The cheapest and most easily arranged approach is to find a pilot at a local airfield who is prepared to undertake the required aerial photography flight, although pilots who have experience of working with photographers are always preferable. Note that if a payment is made to the pilot he or she must have a commercial license and the aircraft should meet the appropriate requirements for commercial flights.

Light high-wing aircraft, such as small single-engine Cessna's, are flown from countless local airfields and there are often pilots prepared to fly paying passengers. Given a choice, a Cessna 177RG Cardinal is an ideal aircraft because it has a retracting undercarriage and no wing struts to obscure views. In addition to the obvious attention to local weather, there are a number of other aspects to consider before committing to such a venture.Light aircraft

Carefully considered objectives and the consequent flying time must be agreed, and the height from which the photography is to take place must be addressed.
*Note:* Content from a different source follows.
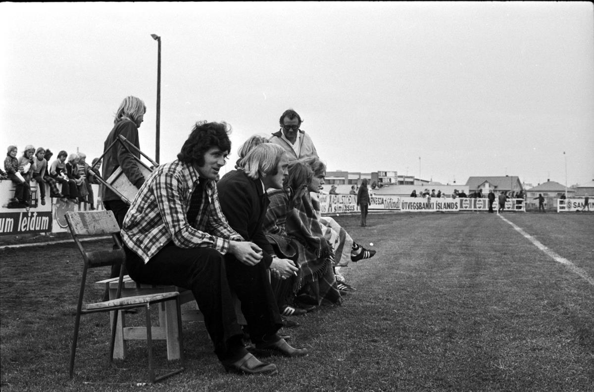 Knattspyrnulið Íþróttabandalags Keflavíkur tekur á móti Íslandsmeistarabikarnum 1973. Varamannabekkurinn, Grétar Mangússon fremstur, þá Joe Hooley, þjálfari. Sigurður Steindórsson stendur við enda bekkjarins.

In general, the height range available to light aircraft is 750 to 6,000 feet, but regulations vary with the location, the purpose of the flight and the details of the flight plan. Over urban areas, and in congested airspace, restrictions are likely to be tighter and twin-engine aircraft may have to be used to satisfy safety requirements. In some cases, local height restrictions may make the use of fixed-wing aircraft impracticable.

Ideally, the pilot of the aircraft should have experience of flying photographic missions. He or she will then be more likely to position the aircraft for the best perspectives. Once over the target area, it may be necessary to fly tight circles, bank steeply or approach the subject from a particular direction or in a particular manner. Experience of previous similar flights will enable the pilot to understand better what the photographer wishes to achieve. Many light aircrsft can slow to 60 or 70 knots but this may still not leave much time to capture a particular angle or light condition. Minimum shutter speeds are likely to be higher than those used in a helicopter. A broad guide when on the ground is to use a shutter speed of one divided by the focal length of the lens - ie 1/125 sec when using a 105mm lens. In the air it is wise to triple this speed so a minimum for the same lens would be 1/400 sec.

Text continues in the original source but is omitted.